Using perl v5.10.1 (build 1006) built for MSWin32-x86-multi-thread on Windows XP, I am working on a simple Perl script to find pdf files from a Windows folder.
However, I spent already 2 days trying to figure out why I would sometimes have files with their correct names and sometimes file names with the DOS 8.3 format.

What I have discovered so far is that some files contains the Unicode Character 'MINUS SIGN' (U+2212) in their name and all of them can't be read correctly by Perl subroutines and are changed to DOS 8.3 filenames.

For instance: COPYOF~1.PDF is displayed whereas the file name is actually "Copy of PCO-1810.pdf" (minus sign is different than the standard ASCII/Windows dash, might come from MAC users but I am not sure).


I have tried almost everything I could understand about this problem:
_ used chdir/readdir,
_ used File::find,
_ used <*.pdf> on a folder handle,
_ tried to convert output from unicode to utf8 or latin1,
_ tried to use perl -CSDA to launch the script...

Do you guys have any information why the DOS 8.3 file names are displayed whereas a simple "dir" on the folder in windows DOS prompt display all files without problem?
Is it a bug or am I missing something?

Thanks a lot in advance for your help.
Regards.
Azulito
  • Comment on DOS 8.3 filenames output when filenames contain Unicode Character 'MINUS SIGN' (U+2212)

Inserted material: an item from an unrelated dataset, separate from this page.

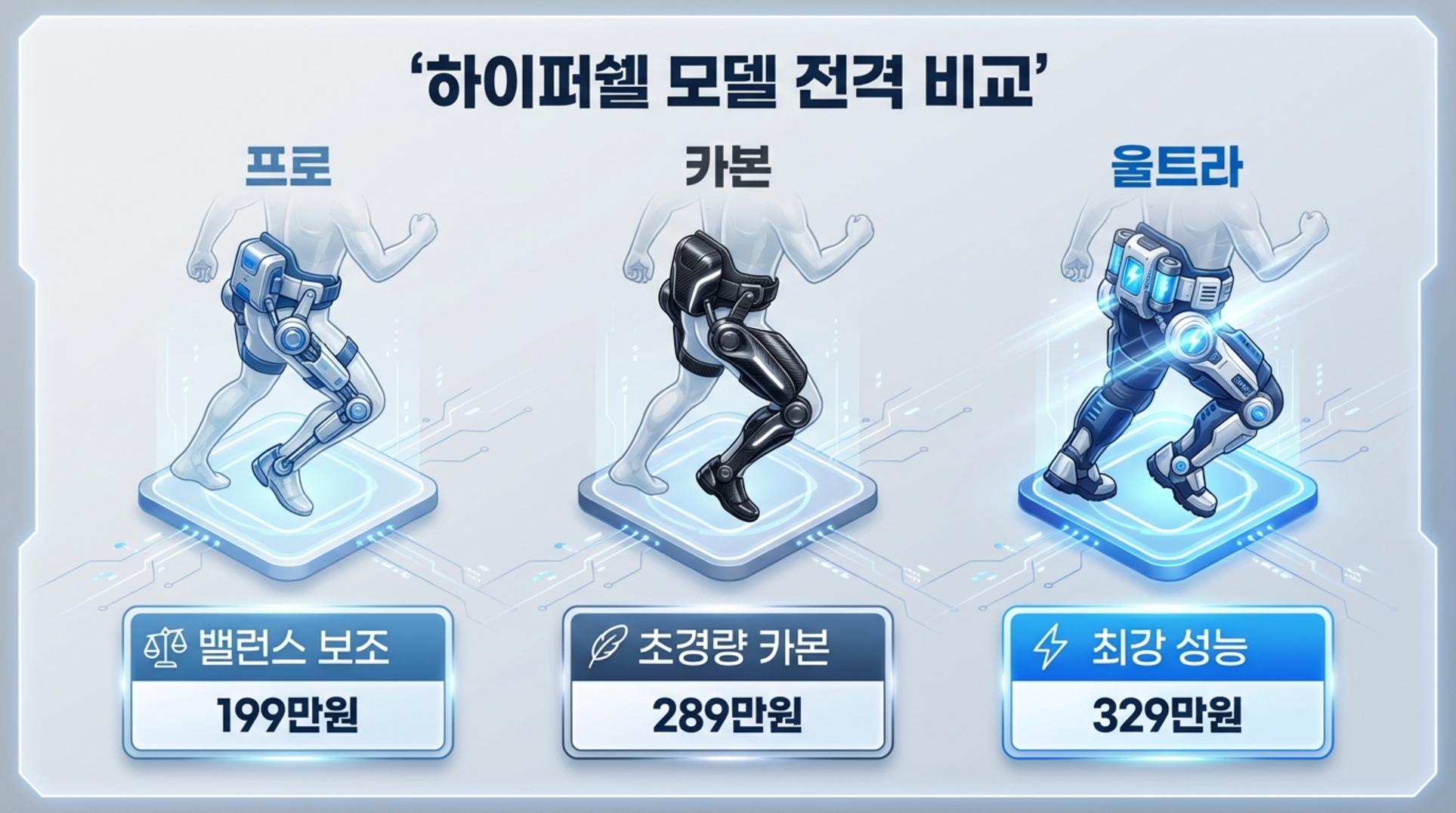 - 하이퍼쉘 프로 (199만원): 밸런스 보조 기능에 중점을 둔 기본 모델로, 일상생활에서 보행에 도움을 받고자 하는 분들에게 적합합니다.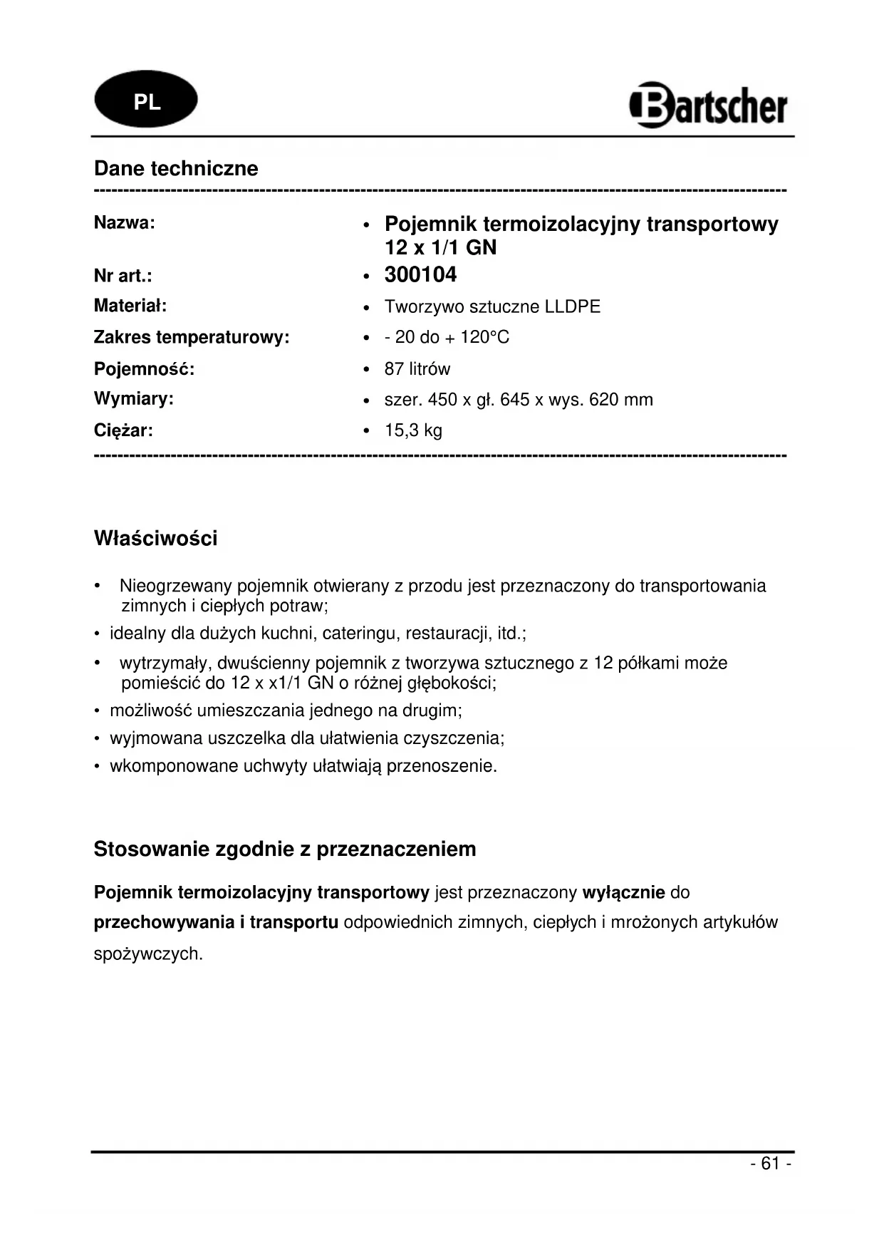 300104 - Pojemnik na żywność BARTSCHER - Bezpłatna instrukcja obsługi

Replies are listed 'Best First'.
Re: DOS 8.3 filenames output when filenames contain Unicode Character 'MINUS SIGN' (U+2212)
by Sandy (Curate) on Dec 08, 2009 at 15:02 UTC
    Hello

    I can't reproduce your problem, so I don't know if this will work, but it's worth a shot

    Win32

    Win32::GetLongPathName(PATHNAME)

    CORE: Returns a representation of PATHNAME composed of longname components (if any). The result may not necessarily be longer than PATHNAME. No attempt is made to convert PATHNAME to the absolute path. Compare with Win32::GetShortPathName() and Win32::GetFullPathName().

    This function may return the pathname in Unicode if it cannot be represented in the system codepage. Use Win32::GetANSIPathName() before passing the path to a system call or another program.

    Sandy